Transcriptional control is a key regulator of many cellular processes including neuronal differentiation and axon/dendrite guidance. A large number of transcription factors have been identified to play a role during neurite guidance. Here we describe the function of Sox102F, the only member of the SoxD family in Drosophila melanogaster, in the regulation of neurite targeting in the visual system. According to our phylogenetic analysis, Sox102F has high homology to human Sox5, Sox6 and Sox13 transcription factors; therefore, we propose to rename this protein SoxD. During larval brain development, SoxD is expressed in neurons of the medulla and the lobula complex, while in the lamina, SoxD is transiently expressed before LPC differentiation into neurons. SoxD knockdown in all neurons or in lobula plate neurons severely affects the morphology of the lobula plate neuropil, impairing fly optomotor behaviour. Thus, we show that SoxD is required for the control of lobula plate T4 and T5 neurite guidance without affecting neuronal fate. Finally, we demonstrate that misexpression of SoxD is sufficient to alter neurite guidance in photoreceptors and mushroom body Kenyon cells.
The lobula plate is one of the less explored ganglia of the Drosophila visual system. Although neurogenesis has been described in some detail8,9, later stages of development and the mechanisms directing neuronal subtype specification are starting to be described34. The lobula plate has an important role in motion detection in insects, while the lobula has a role in the integration of optic stimuli and the behavioural response. Two important neuronal populations in this regard are T4 and T5 neurons, which gather information from the medulla and lobula respectively and make their synaptic outputs in the lobula plate28,39. Upon SoxD knockdown in all neurons (Elav-GAL4), specifically in T4/T5 neurons (IPC-GAL4 plus R42F06-Gal4) or only in T5 neurons (R42H07-GAL4), we observed defects in lobula plate morphology with increasing severity correlated with the number of affected neurons. This result suggests that SoxD may be also required for the developing of other lobula plate neurons and not only for T4/T5 neurons. In addition to RNAi-mediated knockdown experiments, we used a combination of soxD alleles that reduces the gene dosage. This hypomorphic condition showed a similar but milder phenotype, supporting the specificity of this phenotype to SoxD function. Furthermore, analysing SoxD knockdown phenotype in T4 or T5 neurons, we observed alterations in axon/dendrite guidance that could explain the motion perception defects of the adult animal.

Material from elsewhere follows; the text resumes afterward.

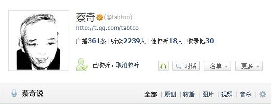 浙江省委常委、组织部长蔡奇低调开微博已将近一年,不过最近急于营销微博业务的腾讯把“潜水”的蔡奇推上了公众视线[详细]
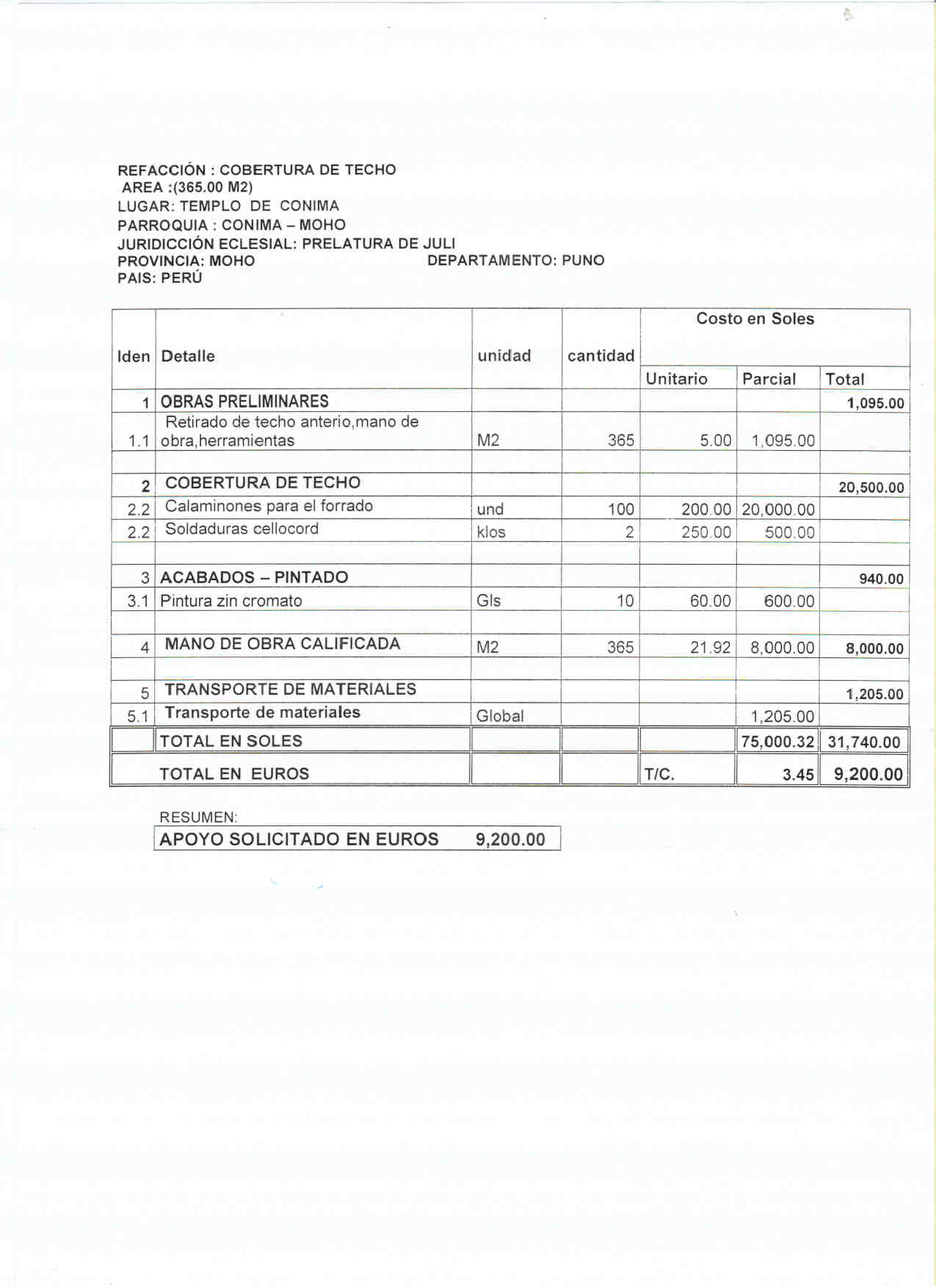 I. PROGETTO COSTRUZIONE TETTO CHIESA DI SAN MICHELE ARCANGELO IN CONIMA (PRELATURA DI JULI, PERU’) SOSTENUTO DALL’ASSOCIAZIONE AMICI DI SANTINA ZUCCHINELLI (ROMA, 21 LUGLIO 2015)

Recently, Li et al. showed that SoxD is involved in neuronal development and degeneration. They demonstrated that SoxD is required for synaptic bouton development at the neuromuscular junction, dendritic arborisation in sensory neurons, olfactory behaviour and climbing21. We described a similar role for SoxD in the development of the lobula plate, but found no evidence of apoptosis upon SoxD knockdown in larval stages (data not shown), suggesting that the phenotype observed was not due to loss of lobula plate neurons but to neurite mistargeting during development. Moreover, we showed that optomotor behaviour is also affected after SoxD knockdown, complementing Li et al.’s behavioural observations. This evidence lends support for the role of SoxD in axon and dendrite guidance in different types of neurons of the CNS.

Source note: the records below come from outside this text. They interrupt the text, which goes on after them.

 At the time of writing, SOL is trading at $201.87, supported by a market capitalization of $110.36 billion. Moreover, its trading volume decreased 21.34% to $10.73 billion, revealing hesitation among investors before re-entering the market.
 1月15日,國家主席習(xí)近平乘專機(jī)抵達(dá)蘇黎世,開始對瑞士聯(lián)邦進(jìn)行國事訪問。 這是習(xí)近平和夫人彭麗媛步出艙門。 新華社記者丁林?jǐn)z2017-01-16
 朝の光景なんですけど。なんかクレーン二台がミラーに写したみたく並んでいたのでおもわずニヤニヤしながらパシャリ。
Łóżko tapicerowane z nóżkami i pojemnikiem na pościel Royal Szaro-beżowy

The mechanisms by which lobula plate neurite guidance is controlled by SoxD are unknown. Recently, it was described that Atonal promotes the differentiation of T4 and T5 neurons33, while Notch signalling activity discriminates between T4 and T5 neuronal fates34. We observed that loss of SoxD did not affect T4/T5 differentiation markers, suggesting that the function of SoxD lays downstream of the T4/T5 fate decision. Thus, we propose that SoxD controls final stages of neuronal differentiation during development.
The overgrowth of neurites observed upon SoxD knockdown in T4 and T5 neurons may result from defects in sensing an inhibitory guidance cue that restrict their growth into the medulla or the lobula. In accordance to this hypothesis, SoxD misexpression strongly affects neurite guidance in at least two different systems: photoreceptors and Kenyon cells. This supports the possible role of SoxD on sensing guidance cues. Additionally, the presence of the synaptic terminal marker in T5 dendrites after SoxD knockdown, suggests problems in neurite differentiation that could contribute to the guidance defects. Interestingly, the R42H07-GAL4 driver used to target T5 neurons was generated using an enhancer from the soxD locus37. This enhancer does not recapitulate the entire expression of soxD, which is also expressed in T4 neurons and other lobula plate neurons. However, SoxD knockdown was associated to an increase of the GFP fluorescence driven by R42H07-GAL4 (see levels in Fig. 6), suggesting that SoxD may negatively regulate this enhancer.
The regulation of neurite guidance may not be the only role of Drosophila SoxD during development. Over-expression of SoxD in embryonic neuroblasts and RNAi-mediated knockdown of SoxD in glial cells were reported to severely disrupt embryonic CNS development22. Surprisingly, we did not observe expression of SoxD in glial cells in the larval brain, while it remains unknown whether SoxD is expressed in embryonic glia. Furthermore, SoxD is also relevant for the function of other organs. SoxD knockdown in cardiac cells affects heart anatomy and function, while SoxD-RNAi expressed in wing discs increased the size of the longitudinal veins L2 and L3, and the marginal vein25.
Future work should address the signalling pathways upstream of SoxD activation and the SoxD targets that govern the morphogenesis of lobula plate neurons. Interestingly, Sox5 knockout mice show defects in axonal pathfinding of corticothalamic neurons19, similar to Drosophila T4/T5 neurons, suggesting a conserved role of SoxD proteins in neurite guidance.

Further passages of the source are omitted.